Material provided:
━━━━

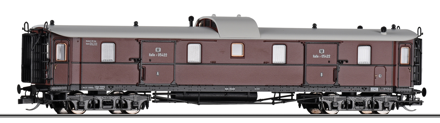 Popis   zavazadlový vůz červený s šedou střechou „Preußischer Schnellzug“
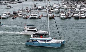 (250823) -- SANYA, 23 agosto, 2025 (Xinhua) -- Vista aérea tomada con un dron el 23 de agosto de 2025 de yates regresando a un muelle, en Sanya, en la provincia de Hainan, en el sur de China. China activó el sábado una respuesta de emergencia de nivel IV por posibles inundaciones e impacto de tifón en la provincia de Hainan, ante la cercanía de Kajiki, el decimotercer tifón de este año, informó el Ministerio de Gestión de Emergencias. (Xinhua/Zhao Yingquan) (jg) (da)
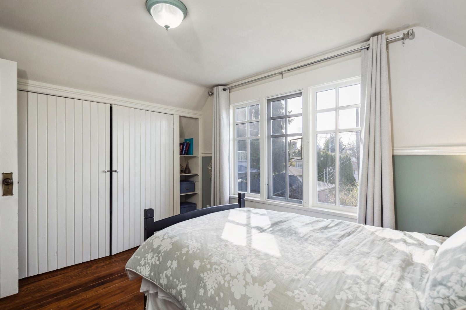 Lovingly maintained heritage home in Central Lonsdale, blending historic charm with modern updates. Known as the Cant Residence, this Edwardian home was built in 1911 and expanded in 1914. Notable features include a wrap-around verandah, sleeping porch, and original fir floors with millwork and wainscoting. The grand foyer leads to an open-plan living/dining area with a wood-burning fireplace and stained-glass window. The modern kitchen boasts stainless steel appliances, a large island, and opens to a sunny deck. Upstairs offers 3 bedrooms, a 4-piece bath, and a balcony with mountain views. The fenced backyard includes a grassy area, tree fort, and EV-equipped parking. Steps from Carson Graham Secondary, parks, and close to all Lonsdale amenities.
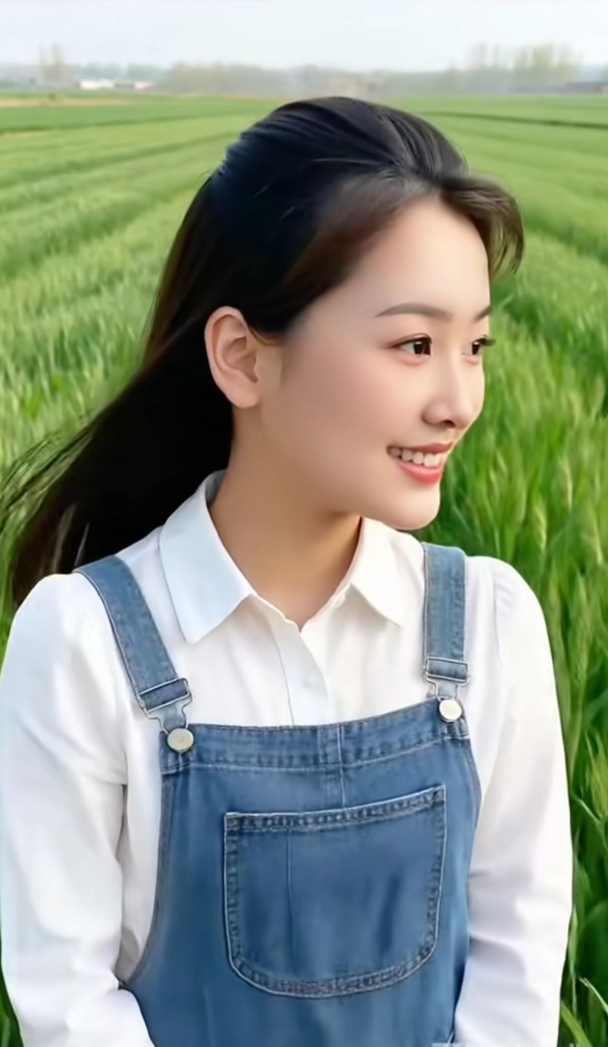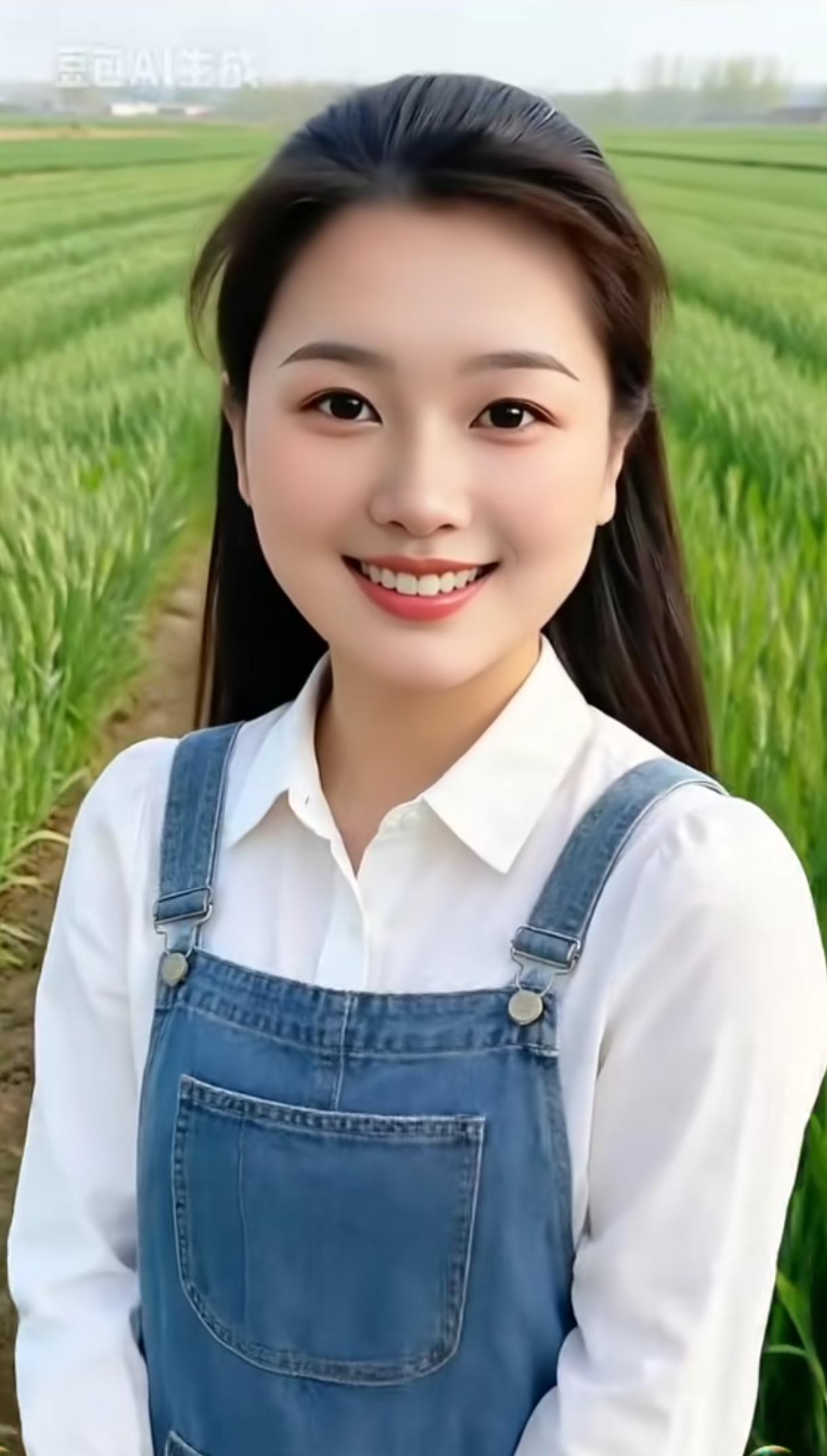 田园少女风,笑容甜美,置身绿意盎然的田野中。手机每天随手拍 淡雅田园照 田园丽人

━━━━

Nothing but the lines from the line containing "Lovingly maintained heritage" through the end of the data, both ends included, is to be reproduced, exactly as written and without the pictures.

 Lovingly maintained heritage home in Central Lonsdale, blending historic charm with modern updates. Known as the Cant Residence, this Edwardian home was built in 1911 and expanded in 1914. Notable features include a wrap-around verandah, sleeping porch, and original fir floors with millwork and wainscoting. The grand foyer leads to an open-plan living/dining area with a wood-burning fireplace and stained-glass window. The modern kitchen boasts stainless steel appliances, a large island, and opens to a sunny deck. Upstairs offers 3 bedrooms, a 4-piece bath, and a balcony with mountain views. The fenced backyard includes a grassy area, tree fort, and EV-equipped parking. Steps from Carson Graham Secondary, parks, and close to all Lonsdale amenities.
 田园少女风,笑容甜美,置身绿意盎然的田野中。手机每天随手拍 淡雅田园照 田园丽人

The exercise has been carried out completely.